Google+
Close
Killer Cheney


Text  


William F. Buckley Jr.

This commentator rations himself to only one prediction every 15 years. Mine now is that there is going to be a devastating backlash in the months and years ahead in the matter of Cheney and the quail shoot.

Advertisement
Some critics of the administration are arguing as if Iraq were a subsidiary concern. What has been brought forth in the plains of Texas is the venal character of the vice president of the United States.

One columnist for the New York Times headlined his column, “Mr. Vice President, It’s Time to Go.” Resign, “for the sake of the country and”–one inhales the purity of the writer’s motives–“for the sake of the Bush administration.”
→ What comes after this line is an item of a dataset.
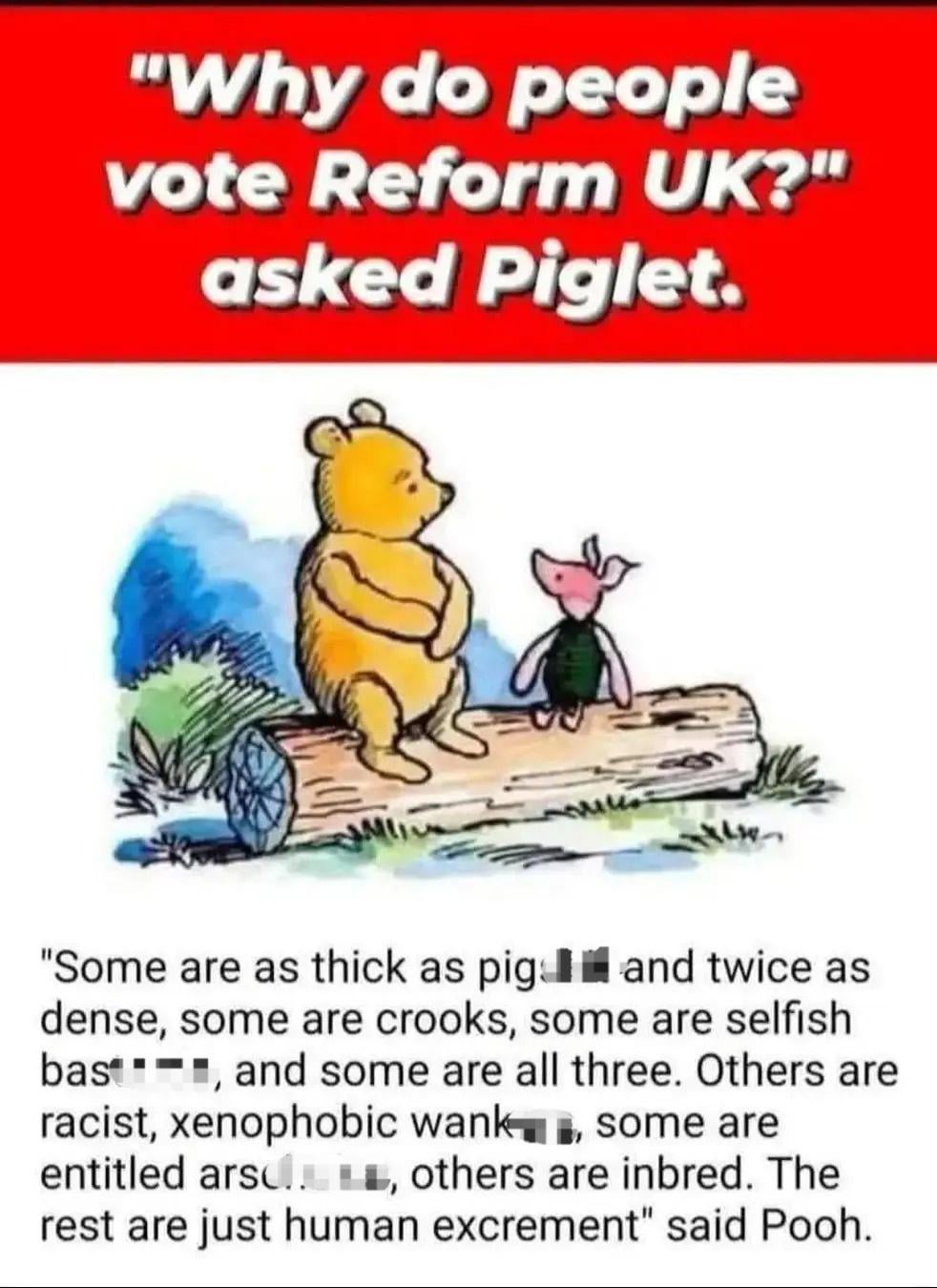 5. I’m not voting Reform, but using children’s characters to push stuff like this is just cringe. It feels like Facebook level drivel. Do you really need Winnie the Pooh to express your political opinion for you? Honestly, what even is this group anymore?

Now that gentleman’s concern for the wellbeing of the Bush administration is on the level of his concern for the quail that Mr. Cheney did or did not kill (this is the only detail of the event unexplored by the historians). Why did the critic want Mr. Cheney to resign? Because “Mr. Cheney is arrogant, defiant and sometimes blatantly vulgar.” Oh? Yes–the critic arrived with documentation in hand: “He once told Sen. Patrick Leahy to perform a crude act upon himself.” You do not say! Well, that’s the kind of thing one would expect from somebody who goes about crippling his friends while ostensibly aiming only at quail.

It is to the credit of the newspaper of record that a few pages before the call for the resignation of Mr. Cheney, a careful reporter, Mr. Ralph Blumenthal, gave a detailed account of what had happened on Saturday at the Armstrong ranch.

Who all was there? Well, Pamela Pitzer Willeford, ambassador to Switzerland and Liechtenstein, and her husband, a physician, the hostess, Katharine Armstrong, and her sister, and her husband. Also Nancy Negley, an art philanthropist, Ben Love, a West Texas rancher, and the victim, Harry Whittington, a 78-year-old lawyer, and his wife. Also several outriders, whose duty was to flush the birds. Also a dozen American pointers and Labrador retrievers. Close to 5:30 P.M., the two shooting groups had bagged about 40 quail each, and were working now on the last covey.

About 100 yards away from the jeep carrying the hostess and her sister (daughters of the fabled Anne Armstrong, whom Gerald Ford had once asked to run for vice president), “Mr. Cheney, Mr. Whittington, and Ms. Willeford were walking in a line in a low spot on gently sloping ground. After Mr. Whittington bagged his birds he dropped out of sight, along with one of Ms. Armstrong’s bird dogs.” (Her name–not originally disclosed to the press–is “Gertie.”) “Then, suddenly, he was in a dip about 30 yards away against the sun just as Mr. Cheney fired a blast from his Italian-made 28-gauge Perazzi shotgun.” That is when Mr. Whittington “caught the spray of birdshot on the right side of his face, neck, and chest.”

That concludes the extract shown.